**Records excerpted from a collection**

>>>

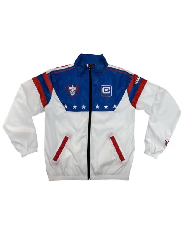 Made of light weight cotton polyester, the windbreaker will offer long-range durability, is form-fitting, and the long sleeve fit allows for comfort the entire day, whatever activities you’re partaking in. The jacket is primarily white with star and striped accents that enhance the overall look and design of the jacket. With its stand up collar, the Cody Rhodes Stars and Stripes Windbreaker jacket presents a sporty look while helping shield you from the cool breeze. The zipper closure allows for easy wear, whether you’re layering before your casual outing, gym session, or to take in a live event.
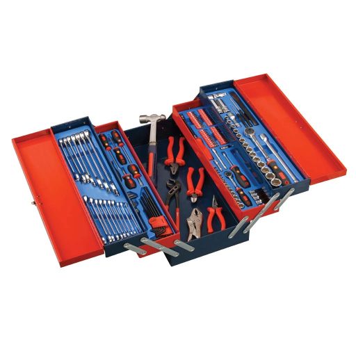 Harmónika kialakítású hordozható, profi szerszámos láda 142 db-os Genius szerszámmal együtt.
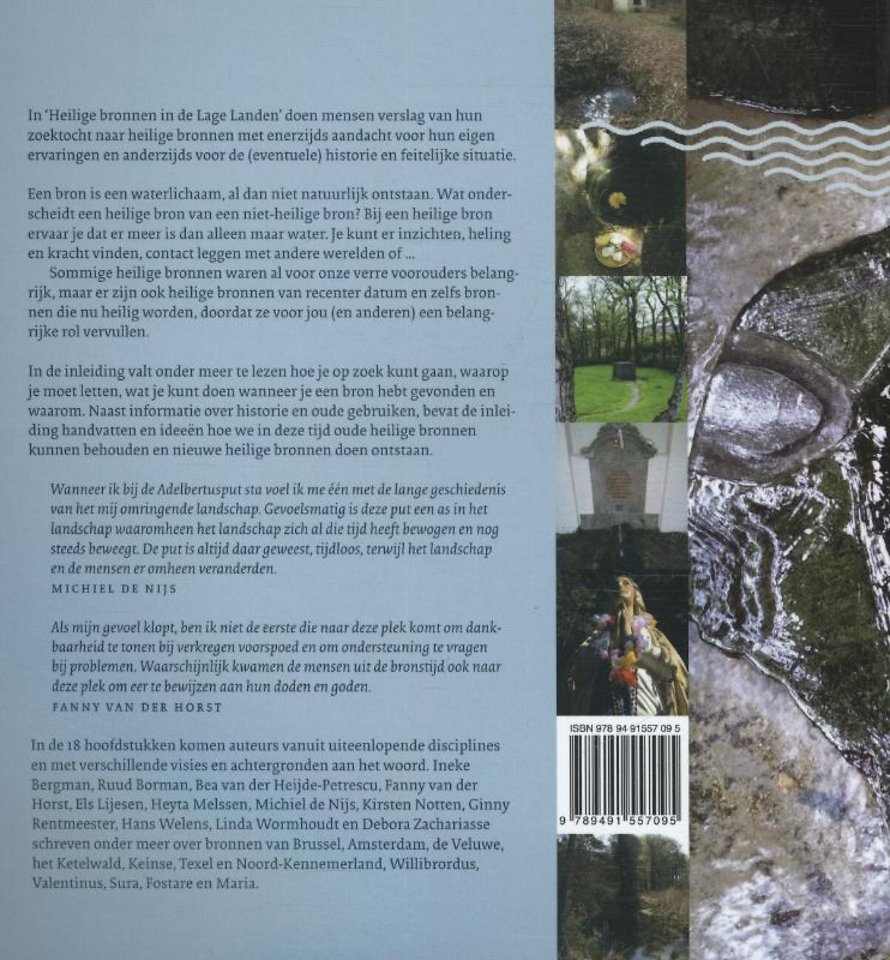 In 'Heilige bronnen in de Lage Landen' doen mensen verslag van hun zoektocht naar een of meer waterbronnen met enerzijds aandacht voor hun eigen ervaringen en anderzijds voor de (eventuele) historie en feitelijke situatie. In de algemene hoofdstukken valt onder meer te lezen hoe je op zoek kunt gaan, waarop je moet letten, wat je kunt doen wanneer je een bron hebt gevonden. En waarom je dat zou doen. De algemene hoofdstukken bevatten naast een handleiding voor het heden ook de nodige historische informatie.
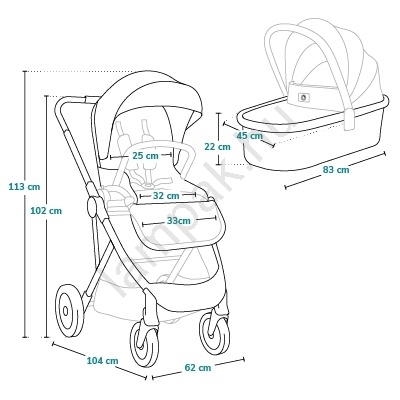 • 2 az 1-ben kombinált babakocsi: tágas mózeskosár és sportülés születéstől kb. 4 éves korig.
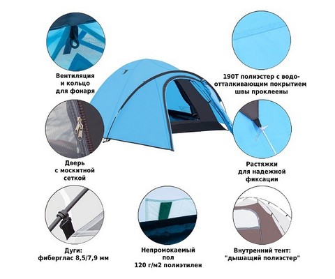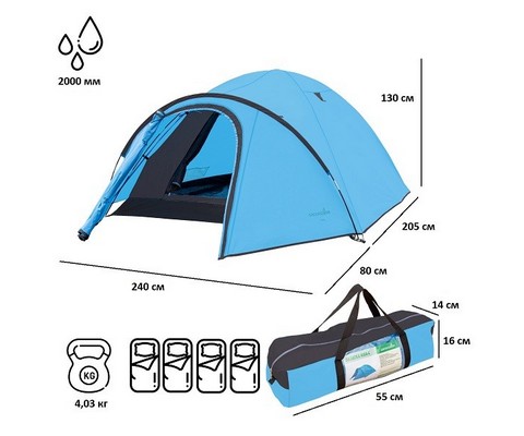 Палатка туристическая 4-х местная Green Glade Nida 4 местная куполообразная с компактным тамбуром.
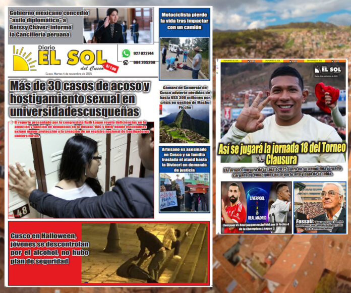 HomeEdición impresa04 noviembre 2025 Edición impresaSin categoría 04 noviembre 2025 4 noviembre, 2025 Share FacebookTwitterWhatsApp DiarioElSolCusco.pe / Edición impresa Martes 4 noviembre 2025 Tags04 noviembre 2025diarioelsolcusco.peedicion impresa Share FacebookTwitterWhatsApp Previous articleEntregan semillas de avena forrajera a productores de 19 comunidades en EspinarNext articleLluvias intensas podrían generar huaycos, derrumbes y deslizamientos en Calca, Paucartambo y La Convención MÁS ARTÍCULOS Internacionales Al menos siete muertos en accidente de avión de carga en Estados Unidos 6 noviembre, 2025 Locales SUTEP Cusco anuncia paro nacional de 24 horas para el 13 de noviembre 6 noviembre, 2025 Locales Obreros sindicalizados denuncian mafias laborales en el gremio de construcción civil 6 noviembre, 2025 Most Popular Natalia Málaga vuelve a la Liga Peruana de Vóley para dirigir al club Regatas Lima 6 noviembre, 2025 Alianza Lima se impuso 2-1 a Los Chankas en Andahuaylas y aseguró su clasificación internacional 6 noviembre, 2025 Partidazo en Champions: Brujas igualó 3-3 ante Barcelona en un duelo de infarto 6 noviembre, 2025 Cusco, Jueves 6 de noviembre de 2025 6 noviembre, 2025 Load more
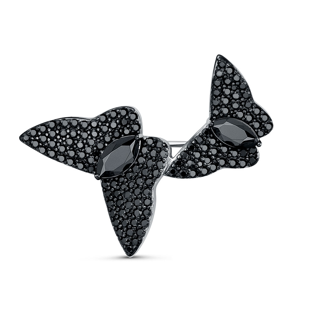 Серебряная брошь 925 пробы, камни - шпинель черный
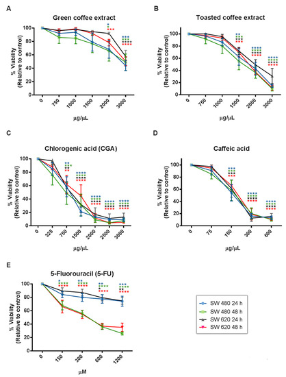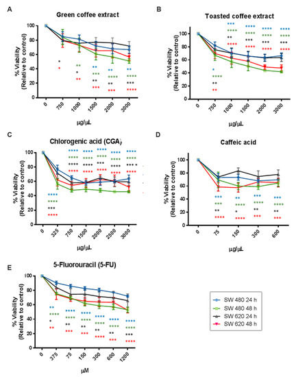 The cytotoxicity of tested compounds and coffee extracts was assessed using MTT and SRB assays. SW480 and SW620 cells were seeded in 96-well plates at 1.5 × 104 cells/well. After 48 h, cells were treated with 100 µL of fresh medium containing different coffee extracts and compounds concentrations. After 48 h of treatments, the medium was removed and replaced with a fresh medium containing 10 µL of MTT solution (5 mg/mL), and cells were incubated for 2 h at 37 °C. Then, the MTT solution was removed, and formazan crystals were dissolved with acidified isopropyl alcohol. For SRB assays, cell monolayers were fixed with 50% (wt/vol) trichloroacetic acid and stained for 30 min, after which the excess dye was removed by repeatedly washing with 1% (vol/vol) acetic acid. Next, the protein-bound dye was dissolved in 10 mM Tris base solution for OD determination. Finally, the absorbance was read at 570 nm for MTT, and 510 nm for SRB (GloMax-Multi Detection System by Promega), and the percentage of living cells was calculated by dividing the optical density (OD) of the treated cells with the (OD) from the control cells and then multiplied by 100. For each treatment, 3 replicates were evaluated in at least 3 independent experiments.
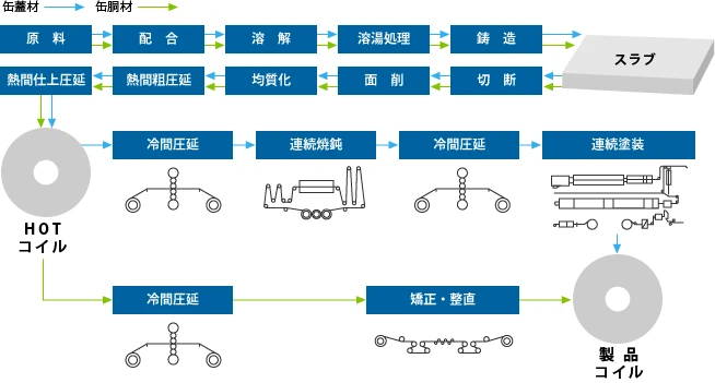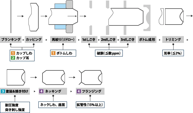 - 缶胴材は縮径化に対応、缶蓋材は高耐圧化(フルフォーム化)に対応しています。
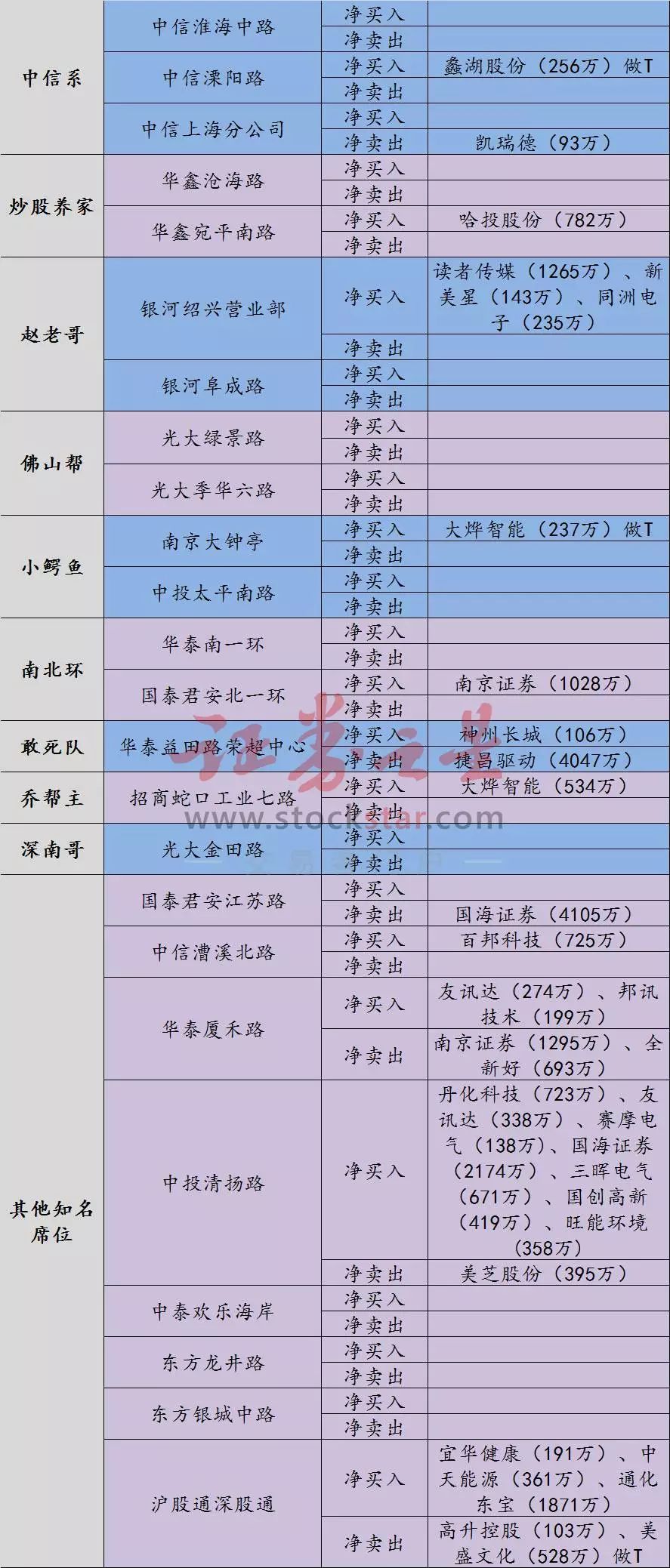 原标题:【龙虎榜】赵老哥多点开花 游资机构接力券商股 南京证券(601990):券商板块强势,长江世纪大道4800万主封,北一环1000万跟进,厦禾路1300万出逃,海通中荣街抛售900万,还有冲高。 捷昌驱动(603583):次新+超跌,中投环球中心1500万主封,财通体育馆1400万跟进,益田路4000万出逃,上方仍有空间
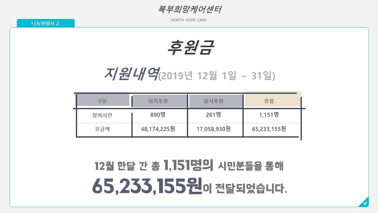 북부희망케어센터 북부희망케어센터, 12월 나눔현황 보고
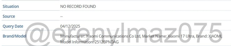Plotka głosi, że nowy moduł peryskopowy zawiera nie tylko prosty teleobiektyw, ale prawdziwy aparat z zoomem optycznym i zmienną ogniskową, choć nie zostało to jeszcze potwierdzone. Dość pewne jest to, że możemy teraz spodziewać się Xiaomi 17 Ultra w Europie. Podczas gdy większość obserwatorów już się tego spodziewała, globalny model o numerze 2512BPNDAG został po raz pierwszy odkryty w bazie danych IMEI, o czym świadczy poniższy zrzut ekranu. W związku z tym spodziewamy się, że Xiaomi 17 Ultra zostanie wprowadzony na rynek w Chinach w grudniu, a na całym świecie w marcu 2026 roku
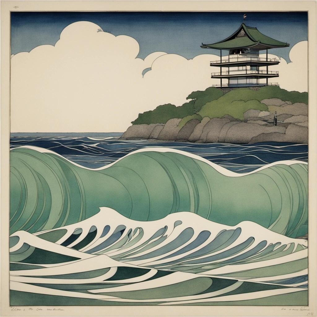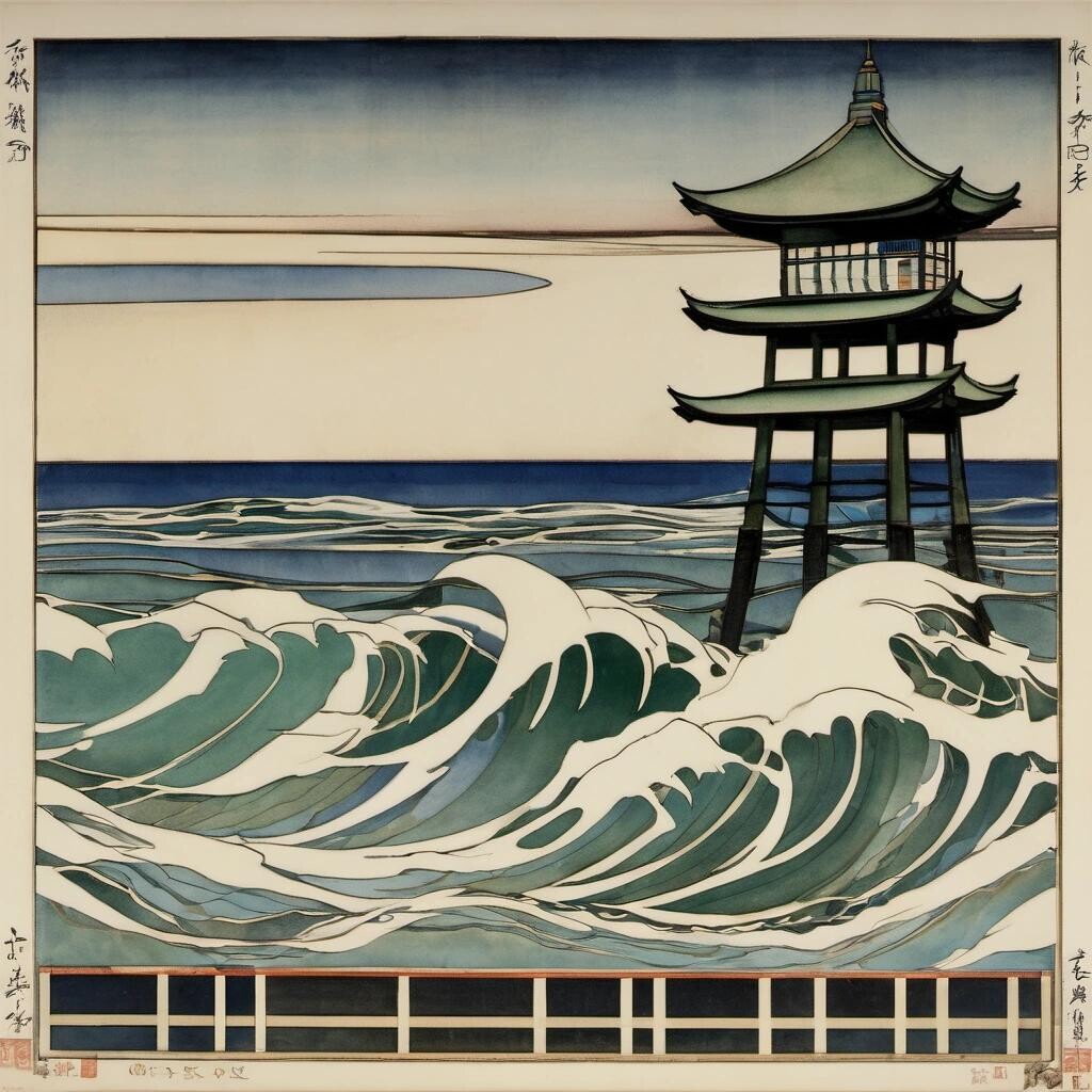 Prompt: a japanese tori at the sea, waves, art deco, Charles Rennie Mackintosh
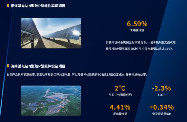 在低辐照条件下,DAON矩形组件在弱光发电和组件功率输出上均展露出优异的表现;双POE的封装结构,具有更强的防水性能,更优的水汽透过率,全方位保护组件的可靠性能输出。在青海某电站N型较P型组件实证项目中,DAON组件平均发电量增益达6.59%,在海南某电站N型较P型组件实证项目中,DAON组件平均发电量增益达4.41%,彰显N型硬核实力,实现组件在全生命周期内的最优价值。
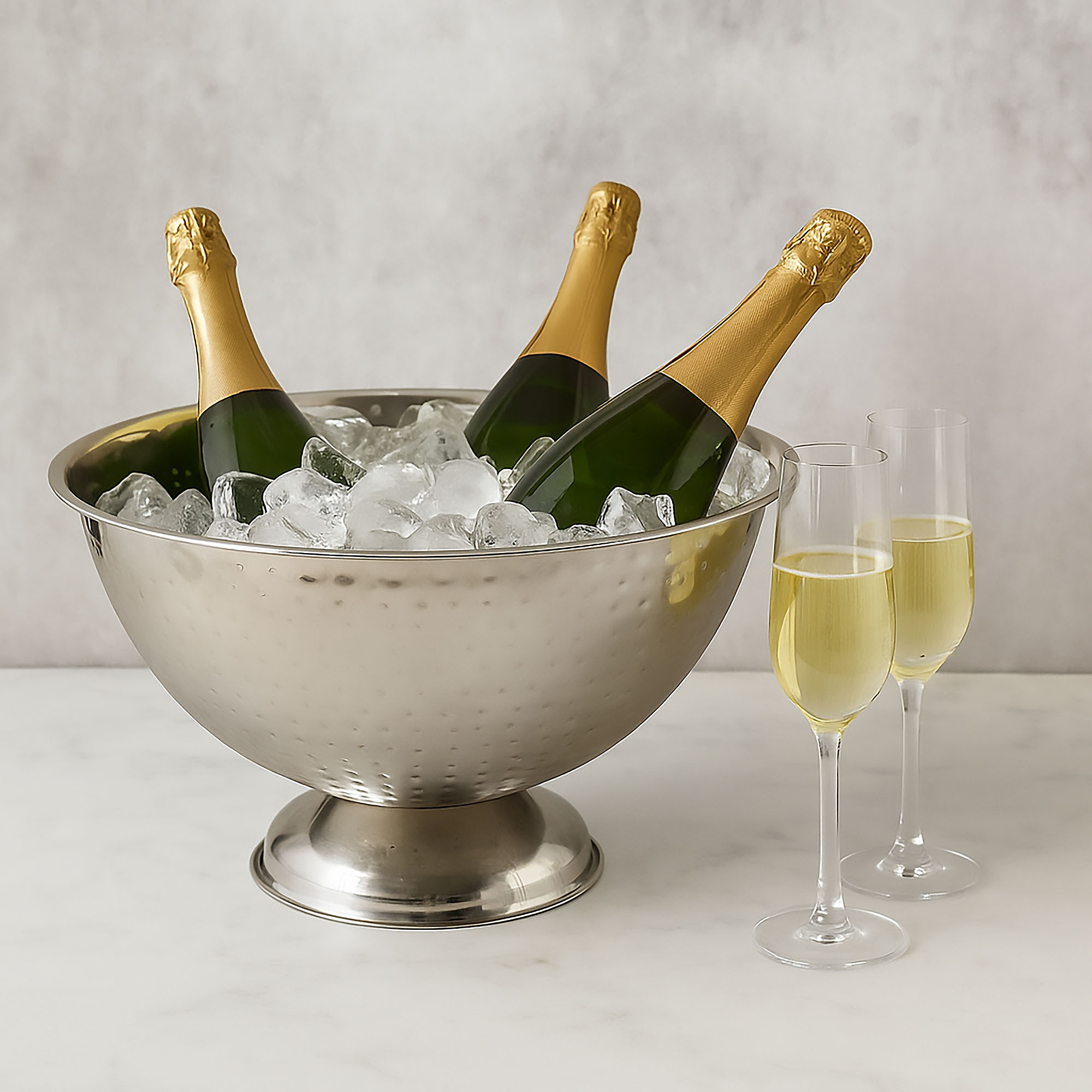 Szukasz stylowego dodatku, który nie tylko przyciągnie wzrok, ale też spełni praktyczne funkcje podczas imprez? Misa do chłodzenia szampana i innych napojów sprawdzi się doskonale na każdej uroczystości – od domowego przyjęcia po eleganckie wesele. Wykonana z wysokiej jakości stali nierdzewnej, zachwyca nie tylko trwałością, ale i efektownym wykończeniem z młotkowaną fakturą.
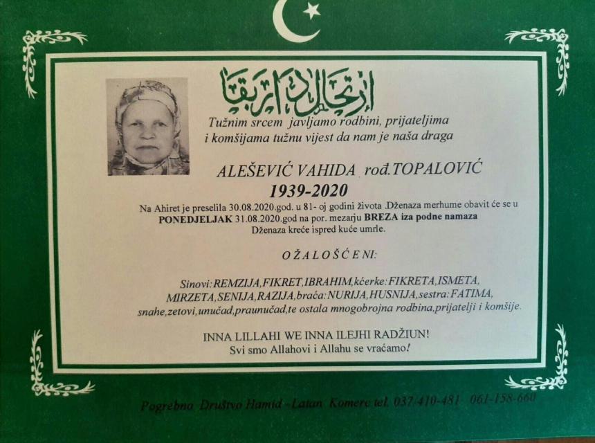 Tužnog srca i s bolom u duši obavještavamo rodbinu, komšije i prijatelje da je naša draga Alešević (rođ. Topalović) Vahida, dana 30.08.2020. godine, u 81-oj. godini života, preselila na Ahiret.

<<<

**EXERCISE DESCRIPTION**
Retype the data above exactly. Leave the pictures out.

**YOUR SOLUTION**
 Made of light weight cotton polyester, the windbreaker will offer long-range durability, is form-fitting, and the long sleeve fit allows for comfort the entire day, whatever activities you’re partaking in. The jacket is primarily white with star and striped accents that enhance the overall look and design of the jacket. With its stand up collar, the Cody Rhodes Stars and Stripes Windbreaker jacket presents a sporty look while helping shield you from the cool breeze. The zipper closure allows for easy wear, whether you’re layering before your casual outing, gym session, or to take in a live event.
 Harmónika kialakítású hordozható, profi szerszámos láda 142 db-os Genius szerszámmal együtt.
 In 'Heilige bronnen in de Lage Landen' doen mensen verslag van hun zoektocht naar een of meer waterbronnen met enerzijds aandacht voor hun eigen ervaringen en anderzijds voor de (eventuele) historie en feitelijke situatie. In de algemene hoofdstukken valt onder meer te lezen hoe je op zoek kunt gaan, waarop je moet letten, wat je kunt doen wanneer je een bron hebt gevonden. En waarom je dat zou doen. De algemene hoofdstukken bevatten naast een handleiding voor het heden ook de nodige historische informatie.
 • 2 az 1-ben kombinált babakocsi: tágas mózeskosár és sportülés születéstől kb. 4 éves korig.
 Палатка туристическая 4-х местная Green Glade Nida 4 местная куполообразная с компактным тамбуром.
 HomeEdición impresa04 noviembre 2025 Edición impresaSin categoría 04 noviembre 2025 4 noviembre, 2025 Share FacebookTwitterWhatsApp DiarioElSolCusco.pe / Edición impresa Martes 4 noviembre 2025 Tags04 noviembre 2025diarioelsolcusco.peedicion impresa Share FacebookTwitterWhatsApp Previous articleEntregan semillas de avena forrajera a productores de 19 comunidades en EspinarNext articleLluvias intensas podrían generar huaycos, derrumbes y deslizamientos en Calca, Paucartambo y La Convención MÁS ARTÍCULOS Internacionales Al menos siete muertos en accidente de avión de carga en Estados Unidos 6 noviembre, 2025 Locales SUTEP Cusco anuncia paro nacional de 24 horas para el 13 de noviembre 6 noviembre, 2025 Locales Obreros sindicalizados denuncian mafias laborales en el gremio de construcción civil 6 noviembre, 2025 Most Popular Natalia Málaga vuelve a la Liga Peruana de Vóley para dirigir al club Regatas Lima 6 noviembre, 2025 Alianza Lima se impuso 2-1 a Los Chankas en Andahuaylas y aseguró su clasificación internacional 6 noviembre, 2025 Partidazo en Champions: Brujas igualó 3-3 ante Barcelona en un duelo de infarto 6 noviembre, 2025 Cusco, Jueves 6 de noviembre de 2025 6 noviembre, 2025 Load more
 Серебряная брошь 925 пробы, камни - шпинель черный
 The cytotoxicity of tested compounds and coffee extracts was assessed using MTT and SRB assays. SW480 and SW620 cells were seeded in 96-well plates at 1.5 × 104 cells/well. After 48 h, cells were treated with 100 µL of fresh medium containing different coffee extracts and compounds concentrations. After 48 h of treatments, the medium was removed and replaced with a fresh medium containing 10 µL of MTT solution (5 mg/mL), and cells were incubated for 2 h at 37 °C. Then, the MTT solution was removed, and formazan crystals were dissolved with acidified isopropyl alcohol. For SRB assays, cell monolayers were fixed with 50% (wt/vol) trichloroacetic acid and stained for 30 min, after which the excess dye was removed by repeatedly washing with 1% (vol/vol) acetic acid. Next, the protein-bound dye was dissolved in 10 mM Tris base solution for OD determination. Finally, the absorbance was read at 570 nm for MTT, and 510 nm for SRB (GloMax-Multi Detection System by Promega), and the percentage of living cells was calculated by dividing the optical density (OD) of the treated cells with the (OD) from the control cells and then multiplied by 100. For each treatment, 3 replicates were evaluated in at least 3 independent experiments.
 - 缶胴材は縮径化に対応、缶蓋材は高耐圧化(フルフォーム化)に対応しています。
 原标题:【龙虎榜】赵老哥多点开花 游资机构接力券商股 南京证券(601990):券商板块强势,长江世纪大道4800万主封,北一环1000万跟进,厦禾路1300万出逃,海通中荣街抛售900万,还有冲高。 捷昌驱动(603583):次新+超跌,中投环球中心1500万主封,财通体育馆1400万跟进,益田路4000万出逃,上方仍有空间
 북부희망케어센터 북부희망케어센터, 12월 나눔현황 보고
Plotka głosi, że nowy moduł peryskopowy zawiera nie tylko prosty teleobiektyw, ale prawdziwy aparat z zoomem optycznym i zmienną ogniskową, choć nie zostało to jeszcze potwierdzone. Dość pewne jest to, że możemy teraz spodziewać się Xiaomi 17 Ultra w Europie. Podczas gdy większość obserwatorów już się tego spodziewała, globalny model o numerze 2512BPNDAG został po raz pierwszy odkryty w bazie danych IMEI, o czym świadczy poniższy zrzut ekranu. W związku z tym spodziewamy się, że Xiaomi 17 Ultra zostanie wprowadzony na rynek w Chinach w grudniu, a na całym świecie w marcu 2026 roku
 Prompt: a japanese tori at the sea, waves, art deco, Charles Rennie Mackintosh
 在低辐照条件下,DAON矩形组件在弱光发电和组件功率输出上均展露出优异的表现;双POE的封装结构,具有更强的防水性能,更优的水汽透过率,全方位保护组件的可靠性能输出。在青海某电站N型较P型组件实证项目中,DAON组件平均发电量增益达6.59%,在海南某电站N型较P型组件实证项目中,DAON组件平均发电量增益达4.41%,彰显N型硬核实力,实现组件在全生命周期内的最优价值。
 Szukasz stylowego dodatku, który nie tylko przyciągnie wzrok, ale też spełni praktyczne funkcje podczas imprez? Misa do chłodzenia szampana i innych napojów sprawdzi się doskonale na każdej uroczystości – od domowego przyjęcia po eleganckie wesele. Wykonana z wysokiej jakości stali nierdzewnej, zachwyca nie tylko trwałością, ale i efektownym wykończeniem z młotkowaną fakturą.
 Tužnog srca i s bolom u duši obavještavamo rodbinu, komšije i prijatelje da je naša draga Alešević (rođ. Topalović) Vahida, dana 30.08.2020. godine, u 81-oj. godini života, preselila na Ahiret.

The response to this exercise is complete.